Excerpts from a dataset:
•••

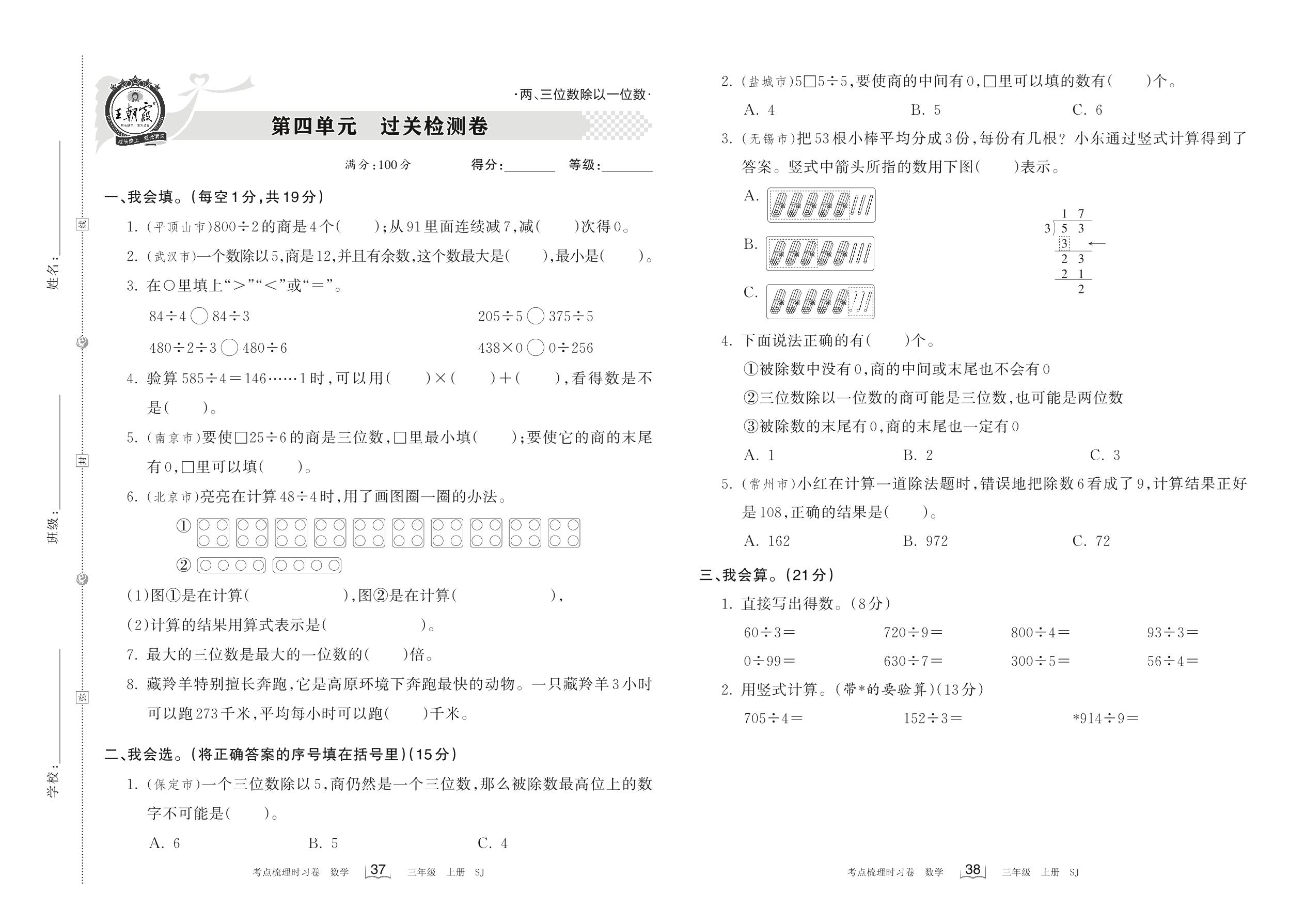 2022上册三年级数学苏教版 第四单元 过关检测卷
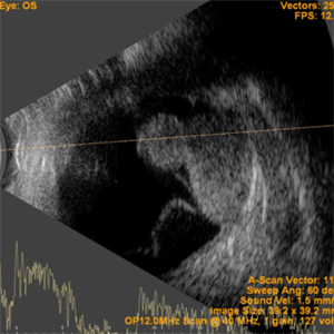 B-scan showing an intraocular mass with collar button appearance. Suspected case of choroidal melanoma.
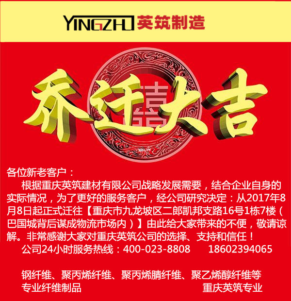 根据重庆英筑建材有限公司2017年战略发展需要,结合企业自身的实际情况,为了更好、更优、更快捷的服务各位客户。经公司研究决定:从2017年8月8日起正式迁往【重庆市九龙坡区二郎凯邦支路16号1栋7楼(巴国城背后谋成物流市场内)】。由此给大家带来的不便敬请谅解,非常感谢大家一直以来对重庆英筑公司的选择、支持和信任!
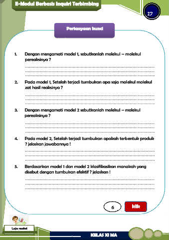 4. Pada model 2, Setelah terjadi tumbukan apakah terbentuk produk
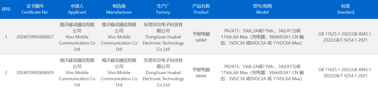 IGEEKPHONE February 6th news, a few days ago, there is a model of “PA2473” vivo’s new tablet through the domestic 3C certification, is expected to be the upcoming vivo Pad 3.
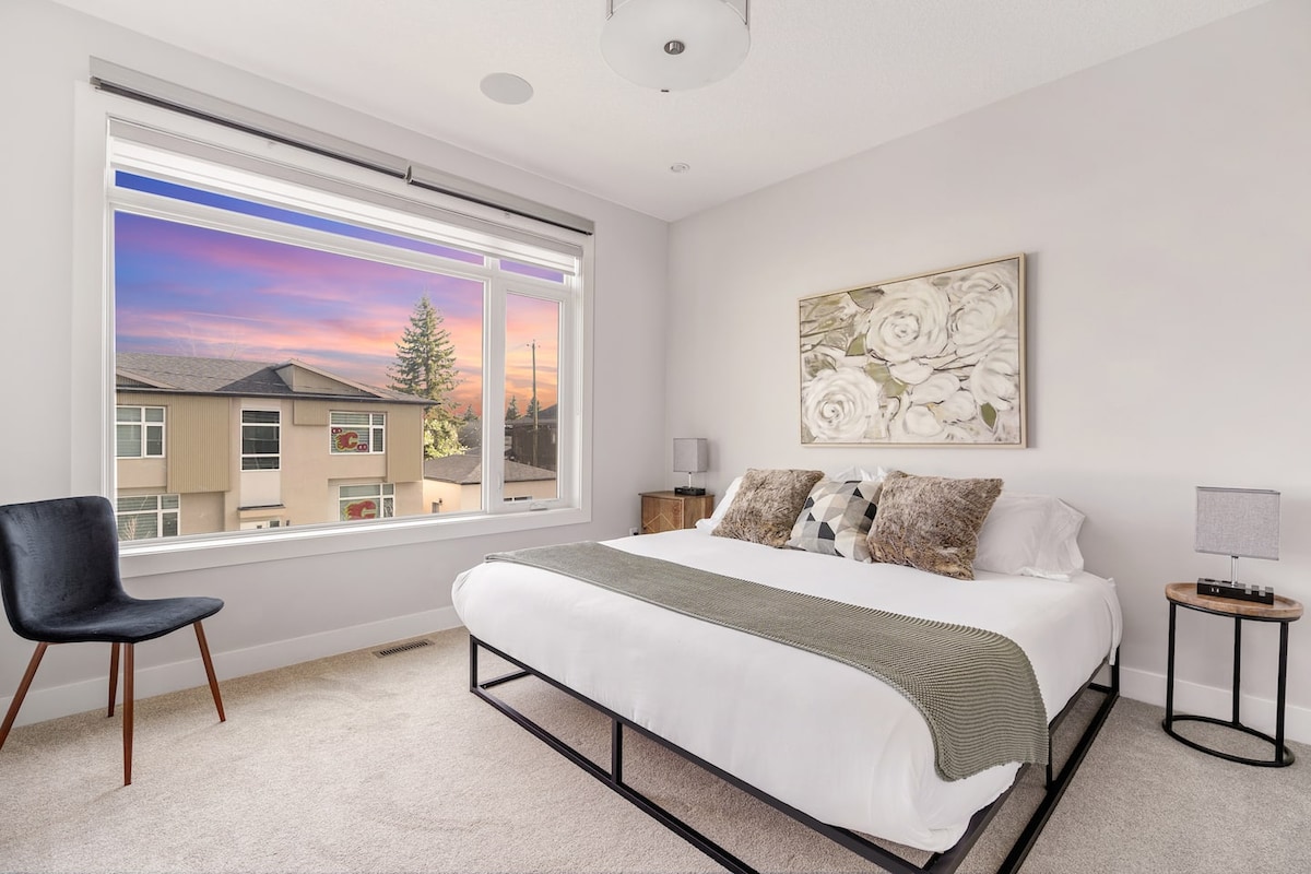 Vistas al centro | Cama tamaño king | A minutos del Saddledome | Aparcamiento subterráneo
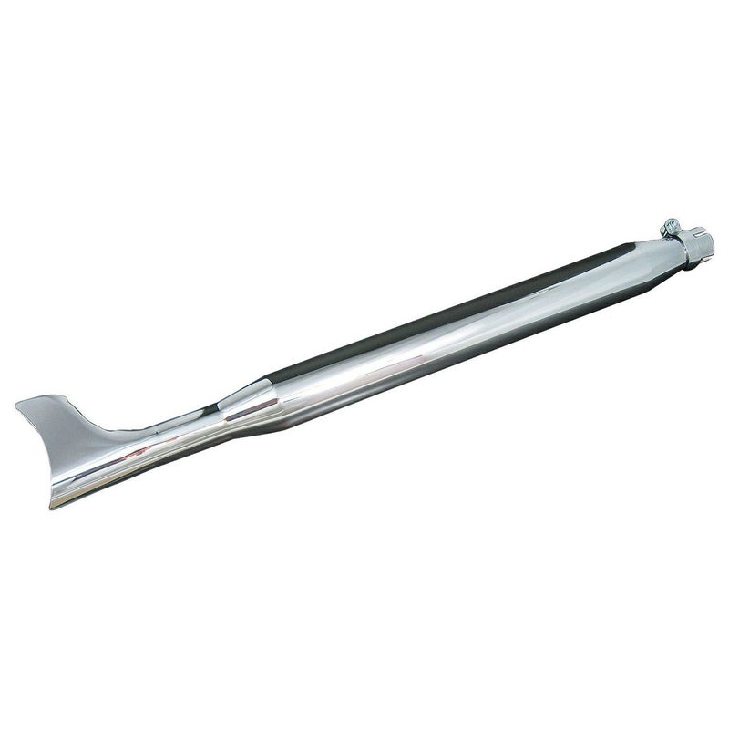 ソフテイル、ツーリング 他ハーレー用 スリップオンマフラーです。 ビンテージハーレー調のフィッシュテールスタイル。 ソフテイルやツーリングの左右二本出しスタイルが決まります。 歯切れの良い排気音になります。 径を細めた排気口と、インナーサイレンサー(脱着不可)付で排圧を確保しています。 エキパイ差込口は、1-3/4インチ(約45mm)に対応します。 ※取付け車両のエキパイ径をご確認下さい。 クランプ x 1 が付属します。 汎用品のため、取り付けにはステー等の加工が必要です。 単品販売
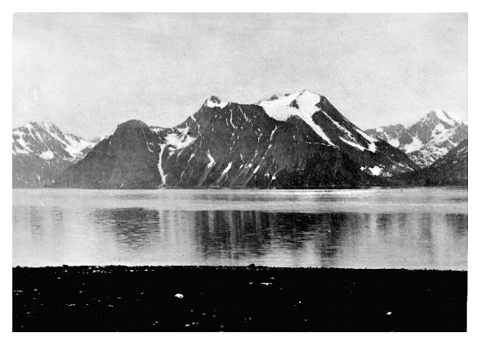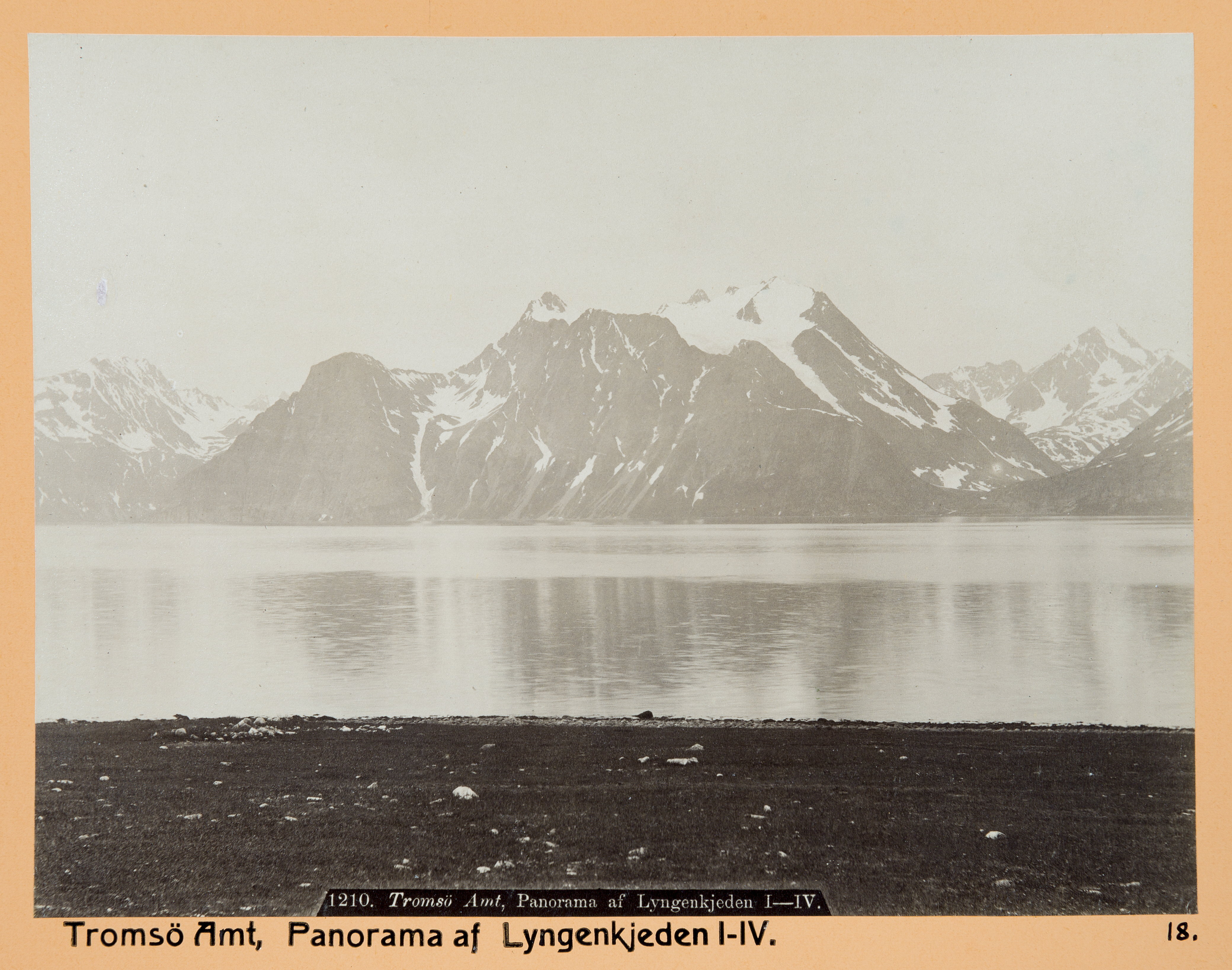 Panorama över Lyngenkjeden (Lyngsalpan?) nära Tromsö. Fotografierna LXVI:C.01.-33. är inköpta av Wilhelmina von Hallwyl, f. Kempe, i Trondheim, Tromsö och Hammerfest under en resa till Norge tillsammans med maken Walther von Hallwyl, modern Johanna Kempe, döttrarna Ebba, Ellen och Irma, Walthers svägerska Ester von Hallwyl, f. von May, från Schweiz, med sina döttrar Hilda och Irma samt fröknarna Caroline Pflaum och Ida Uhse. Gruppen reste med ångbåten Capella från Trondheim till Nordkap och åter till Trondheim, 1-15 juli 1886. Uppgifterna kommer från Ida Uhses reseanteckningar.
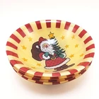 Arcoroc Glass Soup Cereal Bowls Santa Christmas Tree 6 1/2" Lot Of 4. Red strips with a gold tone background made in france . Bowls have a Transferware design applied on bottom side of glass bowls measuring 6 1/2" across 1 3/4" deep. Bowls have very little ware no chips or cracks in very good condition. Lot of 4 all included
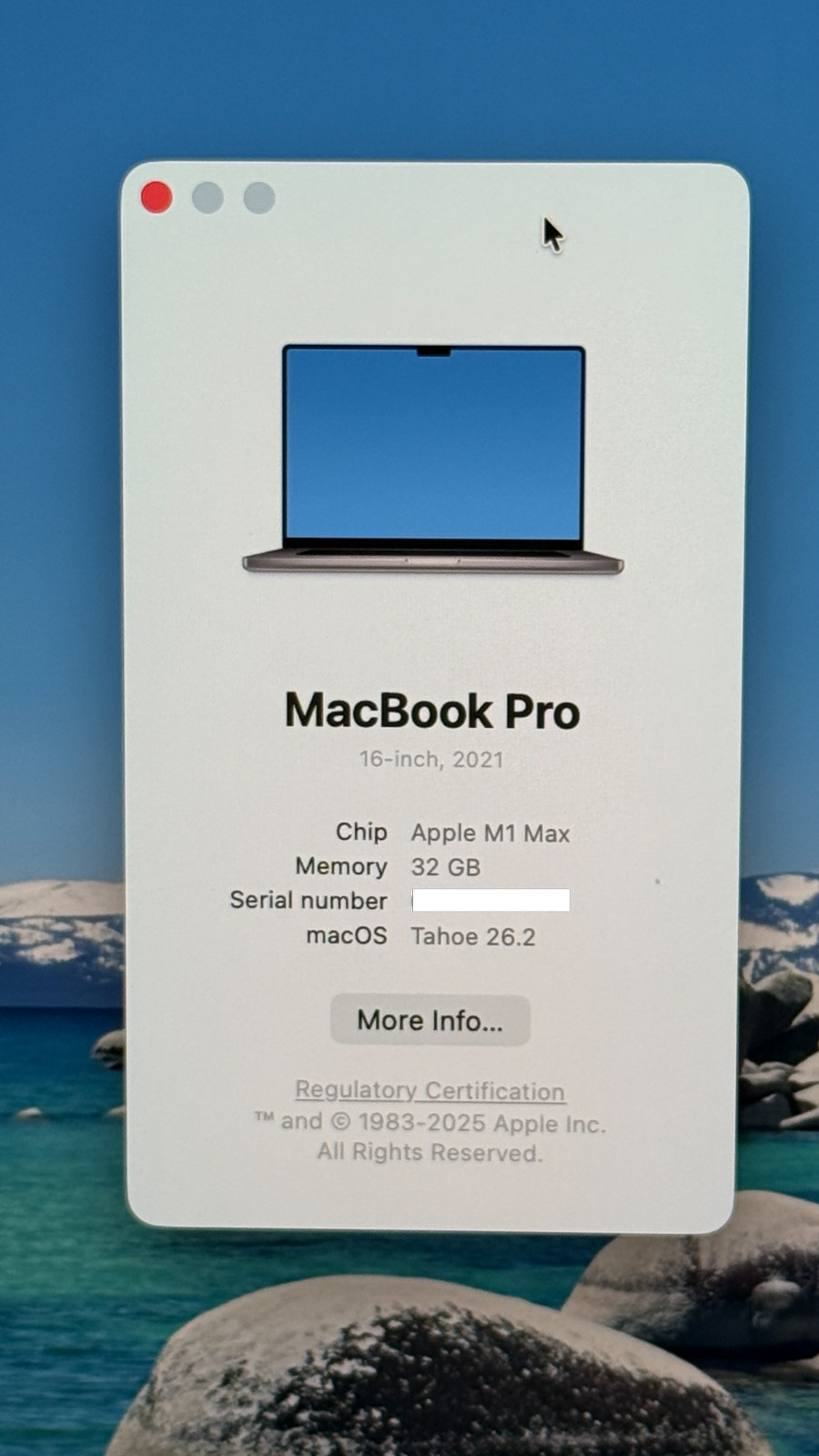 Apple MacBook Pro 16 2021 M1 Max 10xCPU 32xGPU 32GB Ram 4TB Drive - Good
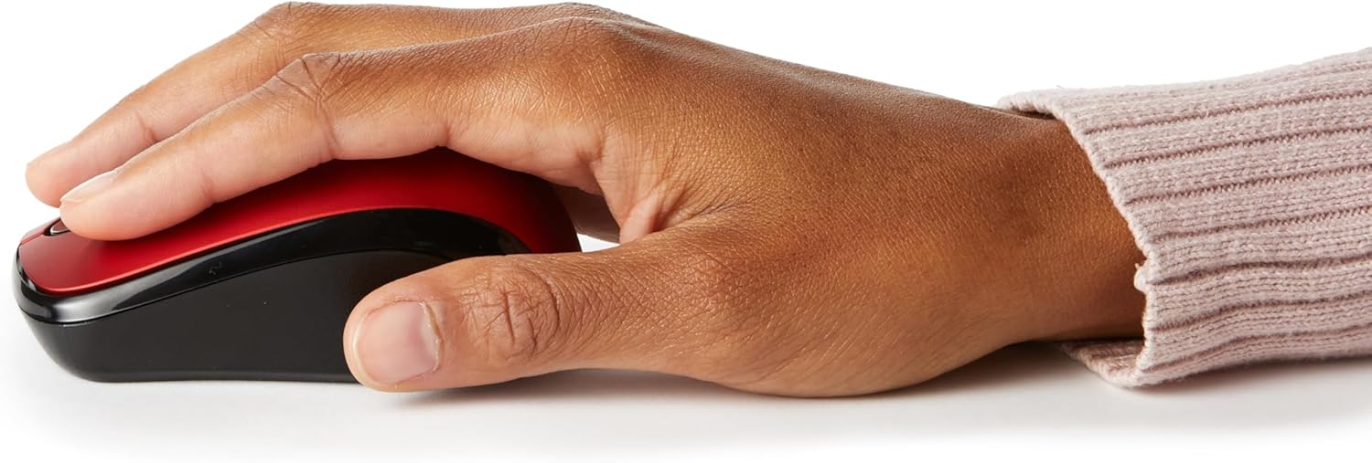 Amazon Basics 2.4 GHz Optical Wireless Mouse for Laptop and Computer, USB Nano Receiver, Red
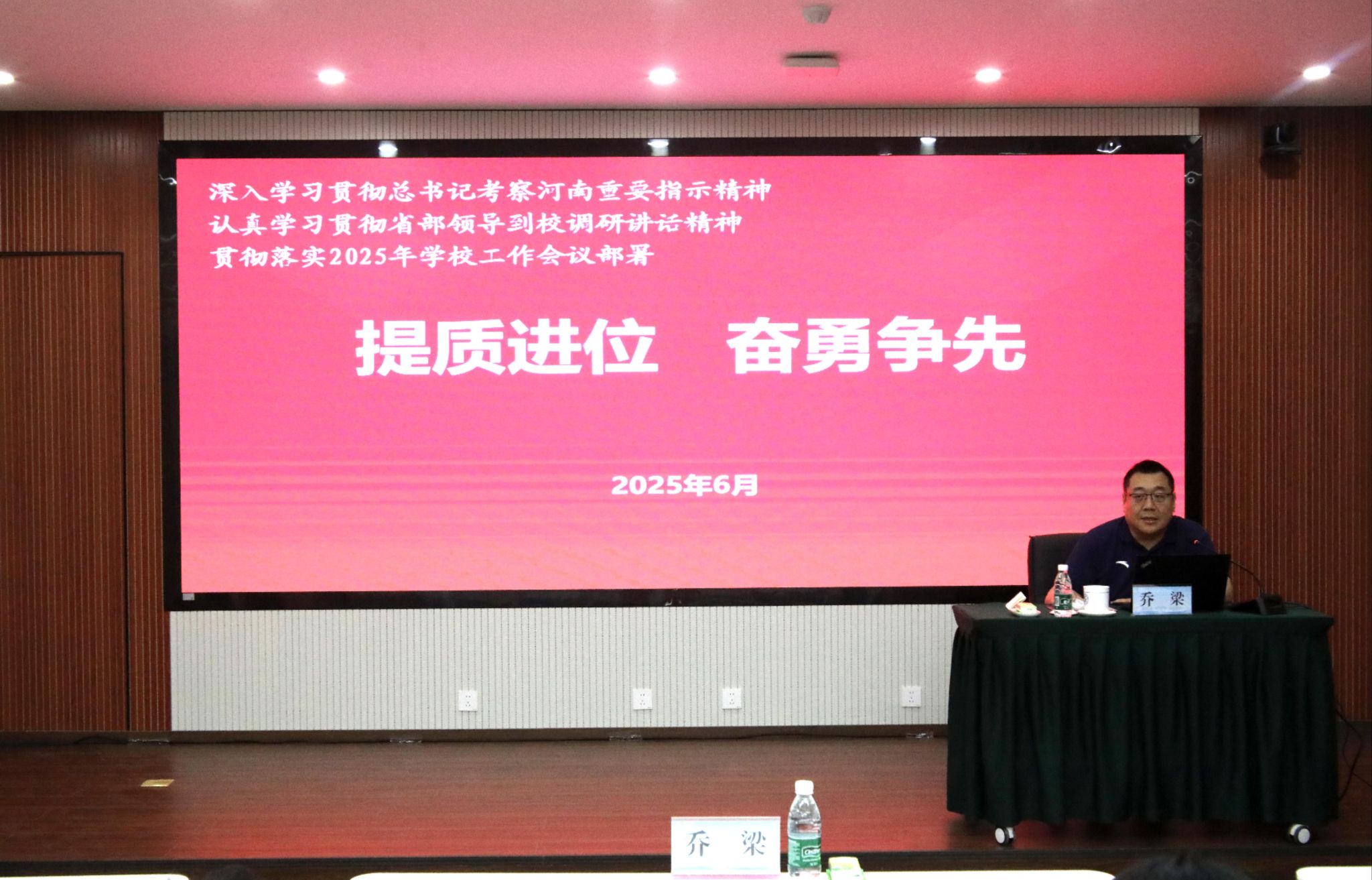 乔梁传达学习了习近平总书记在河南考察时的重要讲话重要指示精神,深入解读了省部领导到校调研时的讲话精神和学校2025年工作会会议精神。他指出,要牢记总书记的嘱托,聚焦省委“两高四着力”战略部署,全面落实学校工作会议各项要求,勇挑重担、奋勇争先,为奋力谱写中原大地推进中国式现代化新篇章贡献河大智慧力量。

•••

The lines to return run from the line containing "Arcoroc Glass Soup" through the last line of the records. Give them exactly, omitting pictures.

**EXPECTED OUTPUT**
 Arcoroc Glass Soup Cereal Bowls Santa Christmas Tree 6 1/2" Lot Of 4. Red strips with a gold tone background made in france . Bowls have a Transferware design applied on bottom side of glass bowls measuring 6 1/2" across 1 3/4" deep. Bowls have very little ware no chips or cracks in very good condition. Lot of 4 all included
 Apple MacBook Pro 16 2021 M1 Max 10xCPU 32xGPU 32GB Ram 4TB Drive - Good
 Amazon Basics 2.4 GHz Optical Wireless Mouse for Laptop and Computer, USB Nano Receiver, Red
 乔梁传达学习了习近平总书记在河南考察时的重要讲话重要指示精神,深入解读了省部领导到校调研时的讲话精神和学校2025年工作会会议精神。他指出,要牢记总书记的嘱托,聚焦省委“两高四着力”战略部署,全面落实学校工作会议各项要求,勇挑重担、奋勇争先,为奋力谱写中原大地推进中国式现代化新篇章贡献河大智慧力量。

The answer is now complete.